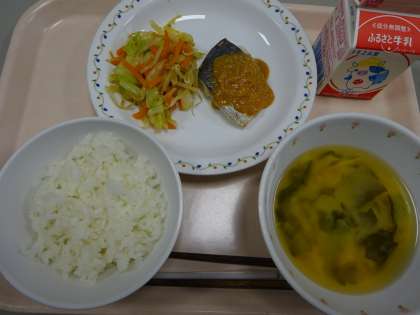 本日の献立 ごはん 牛乳 魚のピリ辛ソースかけ キャベツともやしのおかかかけ
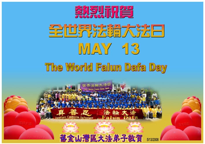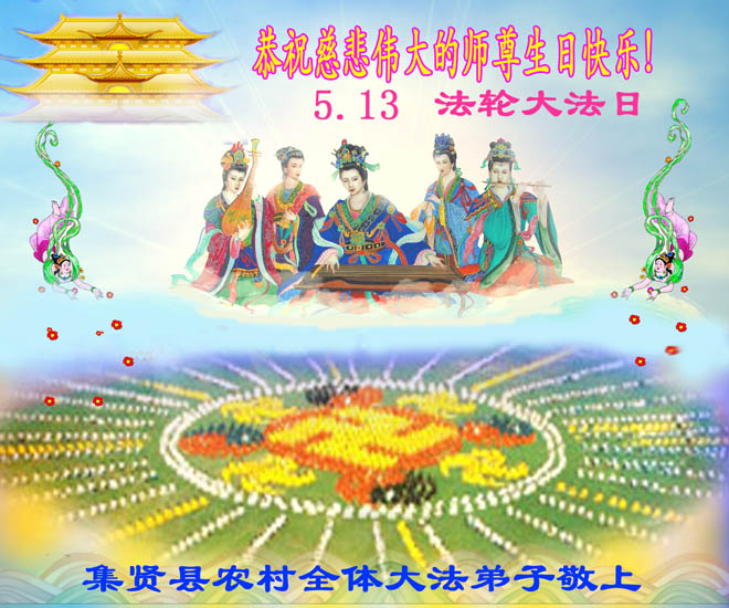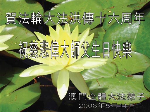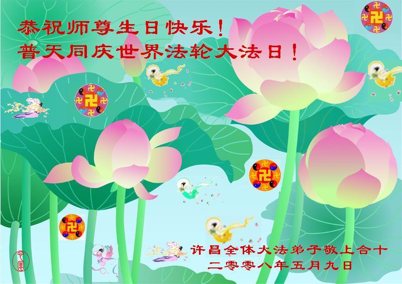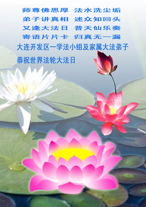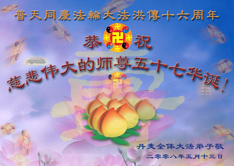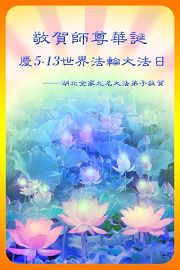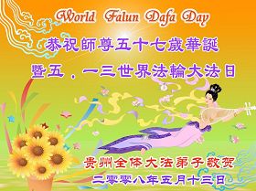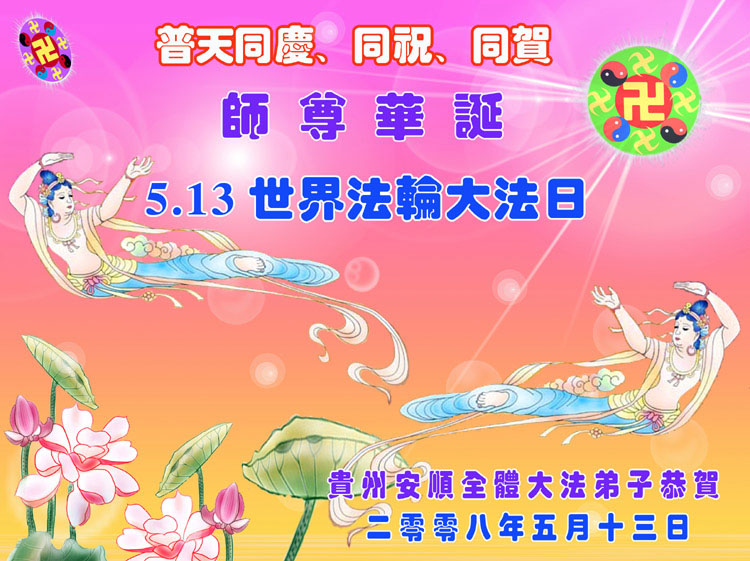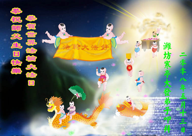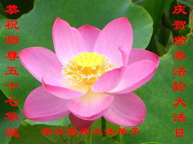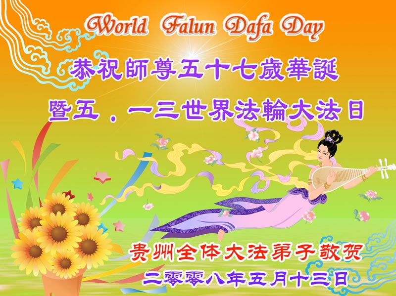 又一个世界法轮大法日到了,我们怀着无比激动的心情迎来了这个令人尊敬的日子:世界法轮大法日:5.13.我们无法用特别的词汇和语言来表达我们对大法的崇敬和对世界法轮大法日的敬意,我们能做的就是用我们的最大慈悲去救度哪些被谎言毒害的众生,完成我们的史前大愿。让我们用两句真言结束我们的贺词:法轮大法好!真善忍好!
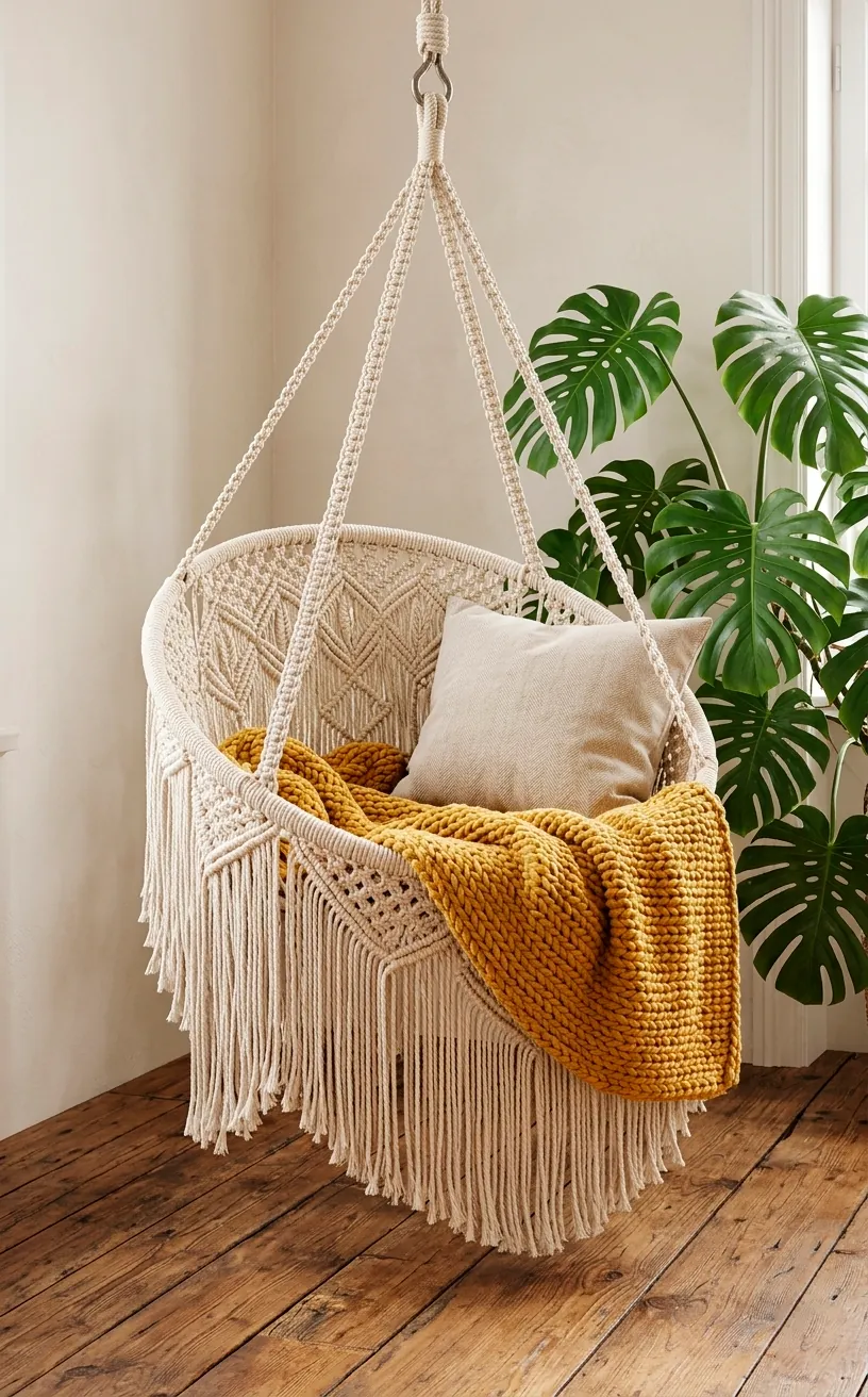 Does your ceiling look strong enough to hold your weekend reading marathons? Make sure you choose a chair with a heavy-duty cotton weave to avoid that annoying sagging feeling. This setup instantly turns a dead corner into a high-end retreat that looks like it belongs in a magazine. Seriously, your cat will probably try to claim it before you even sit down.
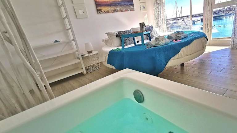Flamingo SPA Loft by Picasa Sicilia - SEASIDE - SEA & ORTIGIA VIEW bietet Übernachtungsmöglichkeiten in einer gemütlichen Ferienwohnung. Diese Unterkunft verfügt über einen Whirlpool und bietet Blick auf die Stadt sowie das Meer. Kostenfreies Wifi ist ebenfalls vorhanden.
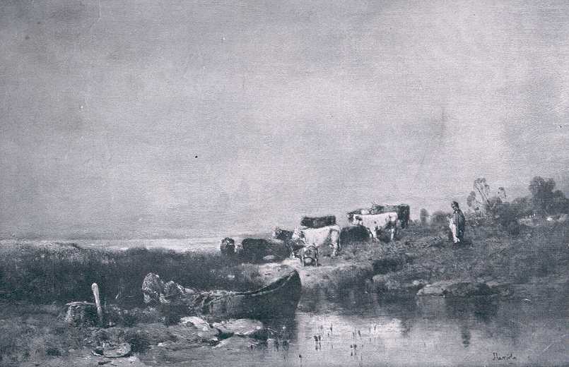 A Markó olaszosan meleg, szivárványos, romantikus színeivel nem bírt ugyan, azok sá-padtabbak, keményebbek voltak az ő vásznán, de meglepő lelkiismeretességgel, apróra követte a mintát s munkáján szembetűnő volt a művészi foglalkozás szeretete.

Action item:
Pictures stay out of this copy; write out the entries above exactly.

Reply to the exercise:
 本日の献立 ごはん 牛乳 魚のピリ辛ソースかけ キャベツともやしのおかかかけ
 又一个世界法轮大法日到了,我们怀着无比激动的心情迎来了这个令人尊敬的日子:世界法轮大法日:5.13.我们无法用特别的词汇和语言来表达我们对大法的崇敬和对世界法轮大法日的敬意,我们能做的就是用我们的最大慈悲去救度哪些被谎言毒害的众生,完成我们的史前大愿。让我们用两句真言结束我们的贺词:法轮大法好!真善忍好!
 Does your ceiling look strong enough to hold your weekend reading marathons? Make sure you choose a chair with a heavy-duty cotton weave to avoid that annoying sagging feeling. This setup instantly turns a dead corner into a high-end retreat that looks like it belongs in a magazine. Seriously, your cat will probably try to claim it before you even sit down.
Flamingo SPA Loft by Picasa Sicilia - SEASIDE - SEA & ORTIGIA VIEW bietet Übernachtungsmöglichkeiten in einer gemütlichen Ferienwohnung. Diese Unterkunft verfügt über einen Whirlpool und bietet Blick auf die Stadt sowie das Meer. Kostenfreies Wifi ist ebenfalls vorhanden.
 A Markó olaszosan meleg, szivárványos, romantikus színeivel nem bírt ugyan, azok sá-padtabbak, keményebbek voltak az ő vásznán, de meglepő lelkiismeretességgel, apróra követte a mintát s munkáján szembetűnő volt a művészi foglalkozás szeretete.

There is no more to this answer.